TL;DR: Generally speaking, the mixer faders should be used for mixing only (which may include solving technical problems, but not “musical” dynamics), whereas velocity and dynamics (modwheel) should be used for musical expression.
Sidenote: You could also use the mixer faders for balancing instruments in the mix, if they don’t come with the correct gains out of the box (usually the case when combining unrelated libraries, but some libraries don’t even have the instruments balanced in the first place), but I think it’s better to use the sampler output gain, mixer pre-gain adjustment or similar for that, so that “all faders at 0 dB” is the starting point when you get into actual mixing. Technically speaking, it doesn’t matter at all, though - unless you have non-linear plugins (compression, saturation, tape simulation, waveshapers…), which will of course be affected if you change the gain before them.

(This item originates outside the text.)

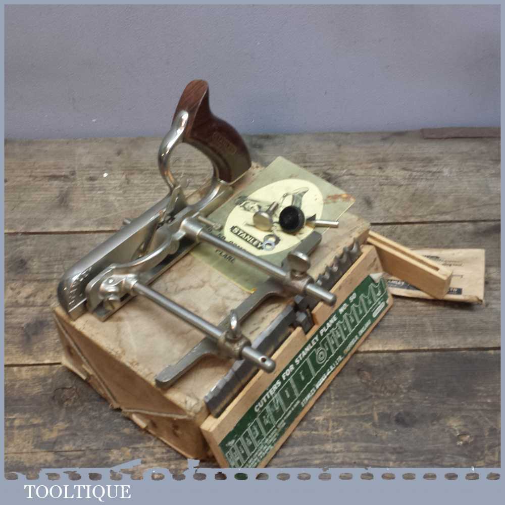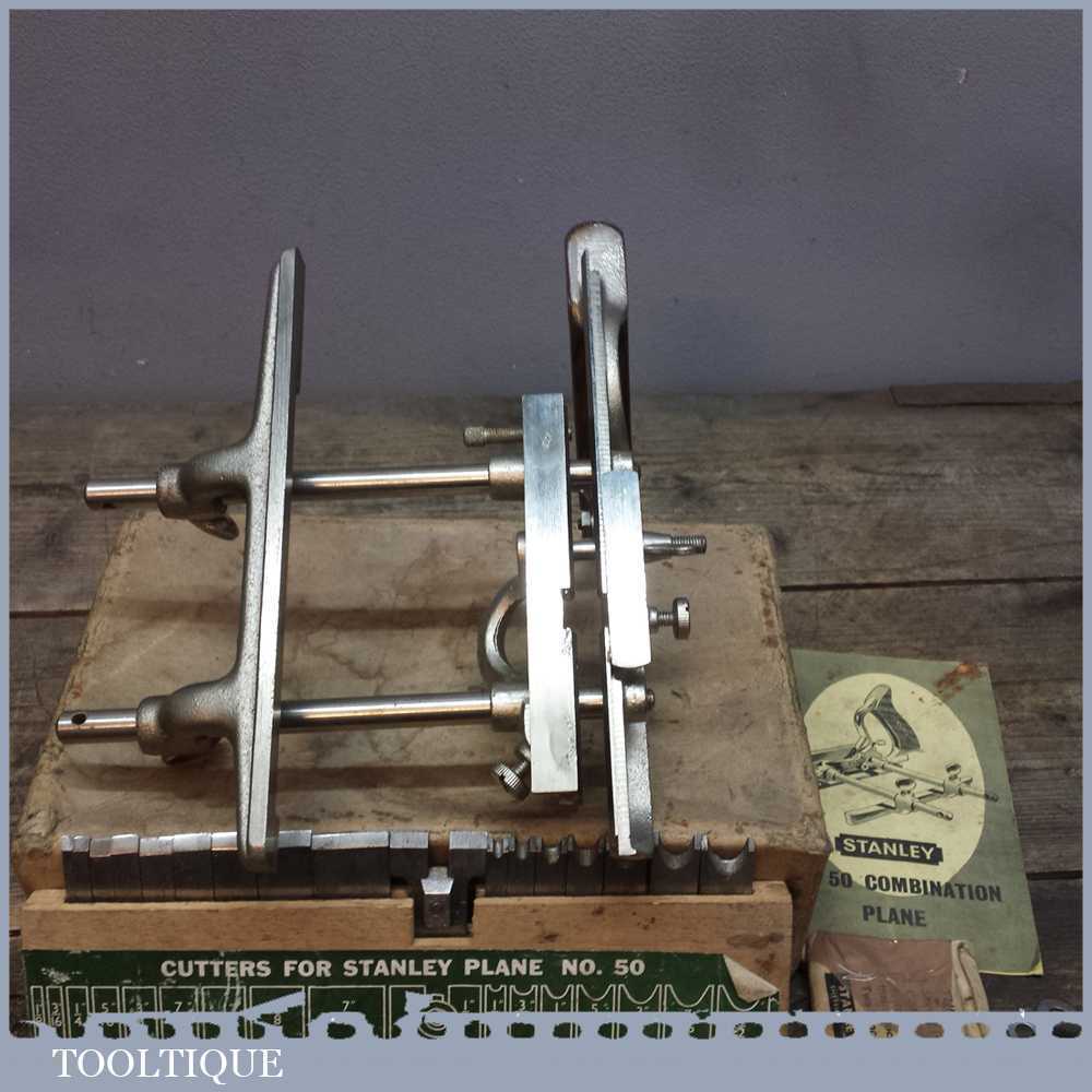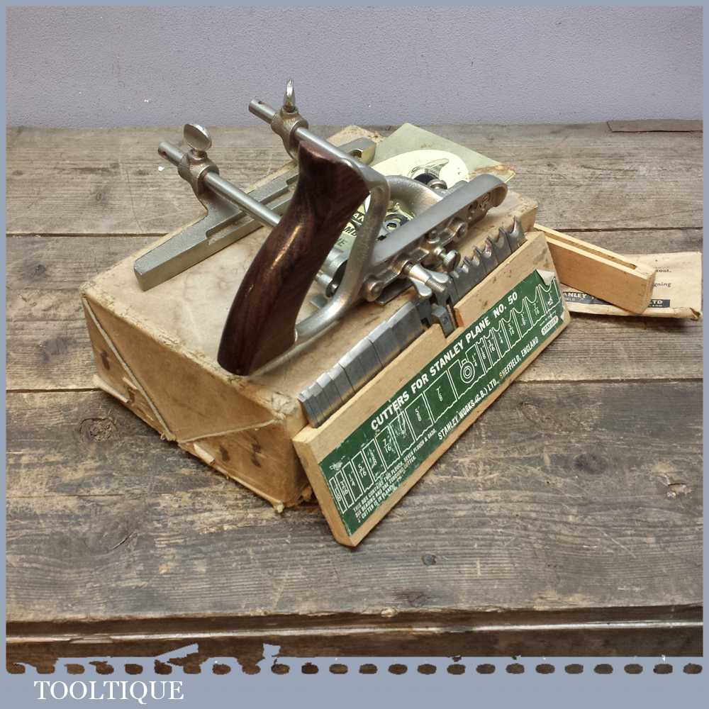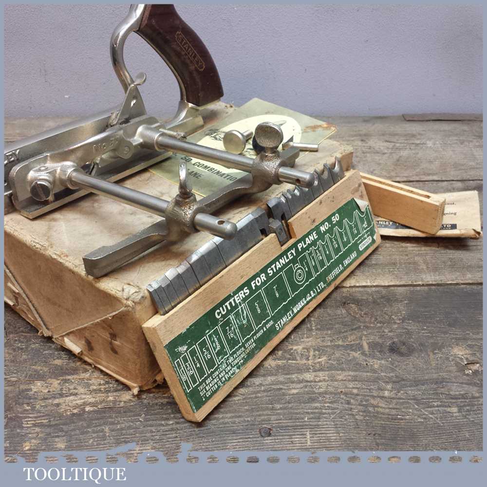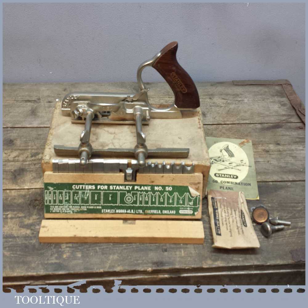 Vintage Stanley No: 50 combination plough plane in very good used condition. It has a full set of cutters and moves freely.

The dynamics implementation varies between instruments, but typically, short articulations will be velocity controlled, whereas long articulations are modwheel controlled. Some use both, for separate control of onset and sustain. These controls will generally switch/fade between sampled velocity layers, apply filters and whatnot, to create a realistic impression of actual dynamic playing. For most instruments, this is very different from just changing the volume!
Some sample libraries also have two confusingly named controls (Dynamics and Expression, in the case of most/all Spitfire libs, for example), where one is the actual dynamics control (sampled layers etc), and the other is essentially just an extra volume control, for when the dynamic range of the sampled layers isn’t enough. The later should only be used as a last resort, or for special effect, as it’s not very realistic.
Some libraries (some 8Dio ones, for example) allow these “true dynamics” and “secondary volume” controls to be linked, for increased dynamic range.
Other libraries (Orchestral Tools etc) have a Niente switch somewhere, which applies extra “fake” dynamic range, so that velocity/dynamics scales all the way down to silence, rather than the recorded level of the quietest sample layer.